Marlin Model 336 Features

With its solid receiver and side ejection, Marlin added a round bolt rather than the square bolt of earlier rifles. The result may correctly be termed a lever-operated bolt rifle. (A term common in military trials of the 19th Century.)

The rifle is hell for strong and makes a fine bed for conversion to the .30 Ackley Improved. The .35 Remington version has a good reputation. Marlin also gave us a modern carrier and a smooth lever action.

The Marlin 336 features one of the strongest extractors ever designed in a repeating rifle. We know Marlin went out of business, and we know that Ruger bought existing Marlin rights and machinery. Ruger is a tough, smart company with many successes. I wish them well in keeping this classic rifle going in production.

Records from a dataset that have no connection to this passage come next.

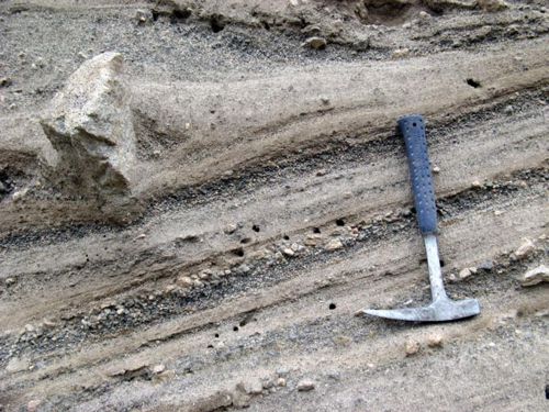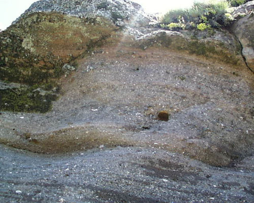 On observe aussi un peu plus loin une alternance de couches palagonitisées (de couleur jaune-orange) et de couches noires, ce qui montre que le régime de ce volcan n’a pas toujours été le même.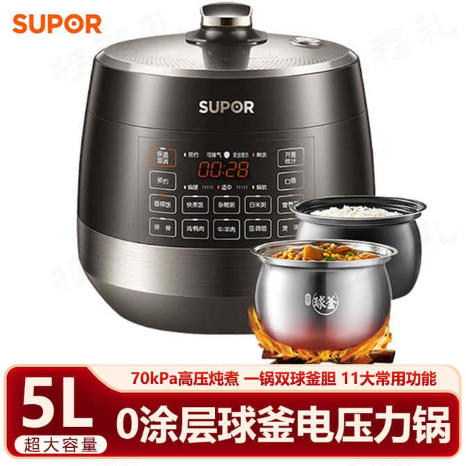 苏泊尔(SUPOR) 电压力锅 5L 多功能家用球釜双胆智能预约口感可选电高压锅压力锅 锅双球釜 70kPa高压炖煮 5L大容量 11大常用功能 兑换价格 20000 里程 会员卡别 终身白金卡 白金卡 金卡 银卡 普通卡 儿童卡 服务 由 广西桂福礼供应链管理有限公司 发货并提供售后 颜色: 其他 购买数量: 件 库存件 配送地址: 立即购买 加入购物车 成功添加到购物车 关闭 购物车共有 种商品 总金额为: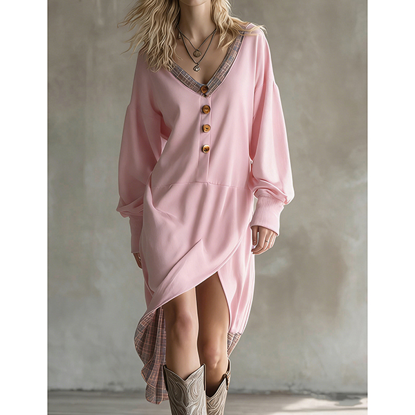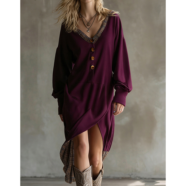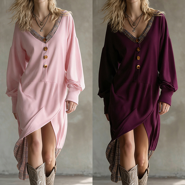 Embrace a blend of cozy comfort and rugged style with this unique sweatshirt dress. Perfect for transitioning between seasons, this piece combines the relaxed feel of your favorite loungewear with striking design details that make a statement.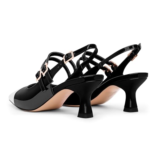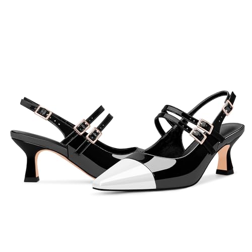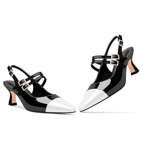 Why Choose 100FIXEO Women's Mid Heel Slingback Pumps Double Buckle Strap Two-Tone Patent Leather Dress Shoes?
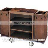 stainless steel like wood brown color hotel guest room service cart high quality cleaning trolley sign bag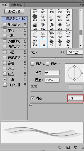 1.新建空白文件,颜色大小自定 2.新建一层,用钢笔工具在新建层上画一曲线 3.进行画笔预设,参数如下。 4.画笔预设好后,进行描边路径,描边后删除工作路径。 5.隐藏背景层,把刚才的描边路径定义成画笔(编辑-定义画笔预设) 5.删除路径层1,打开背景层眼睛,再新建图层,选定刚才定义的画笔, 6.设置画笔笔尖形状,大小根据自己需要自定,间距1%。 7.随意涂画,就可以得到透明绸带效果。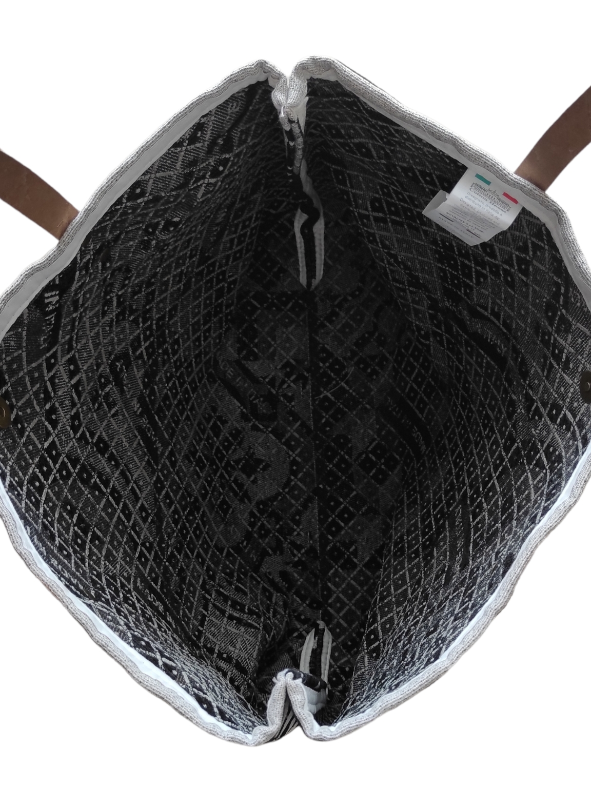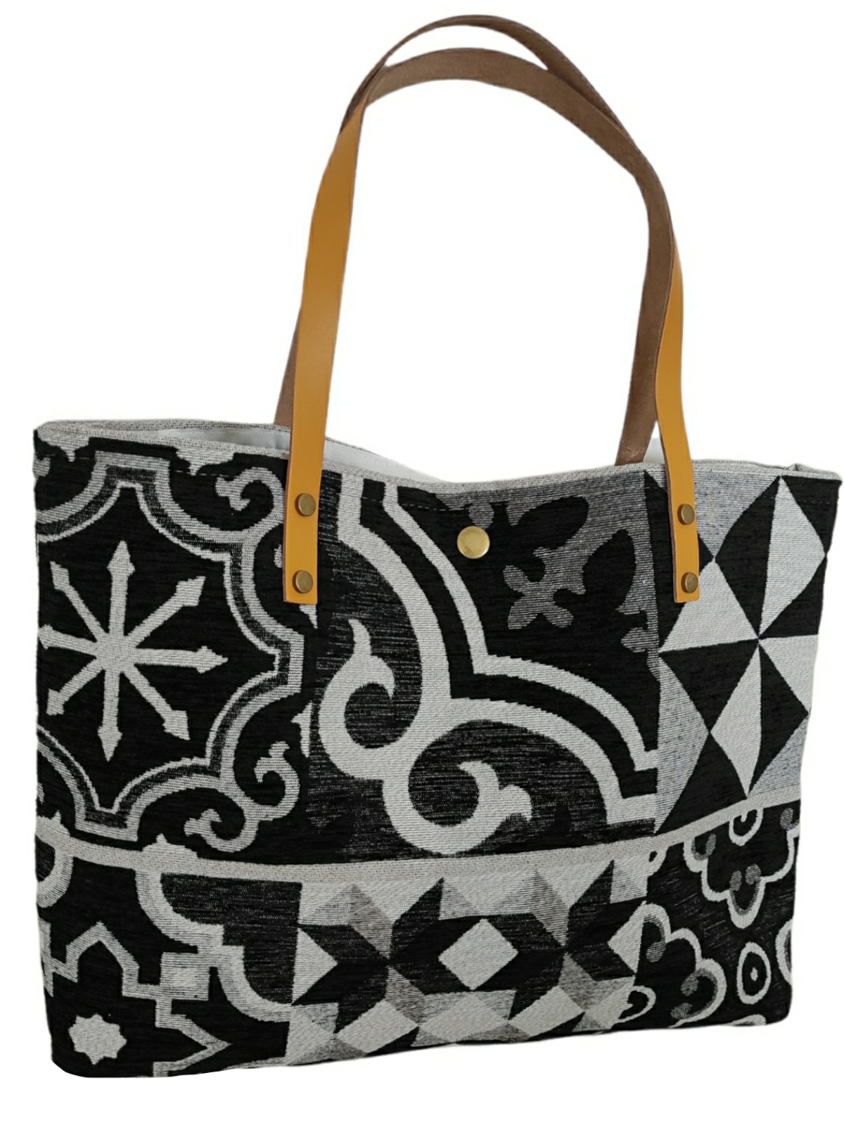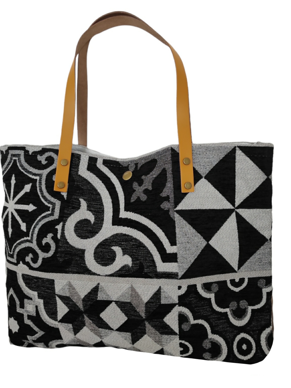 Γυναικεία τσάντα υφασμάτινη σαν υφαντή μαύρη και λουρακια από δερματίνη.Ενιαίος εσωτερικός χώρος

XS Sights Lever rail mounted on a Marlin Model 336 rifle, right profile
With the XS Sights lever rail mounted properly, a good rifle is much more useful.

The Marlin Model 336 was available in many versions, barrel lengths, and finishes. The .30-30 WCF is the most common chambering. The rifle is not only strong — just take a look at the bolt to barrel lockup — versions since 1953 feature microgroove rifling. The design features many shallow rifling grooves that stabilize the bullet in a superior manner. The .30-30 features 20 grooves in the barrel. There is less bullet deformation.

The rifle features standard buckhorn sights. A rear sight with big wings that look like a buck horn and a hooded front post is standard. These sights are OK, as far as it goes, and young people may feel differently concerning accuracy potential. For myself and my eyes, the sure kill zone of a deer is perhaps 100 yards, and I am more comfortable at 75 yards.

The sure kill zone of a deer is something around eight inches and the rifle will group five rounds of Hornady ammunition into 2.0 inches at 100 yards, but in the field that isn’t a realistic number. The rifle holds six rounds in its tubular under-the-barrel magazine. That would be a good reserve for an emergency rifle.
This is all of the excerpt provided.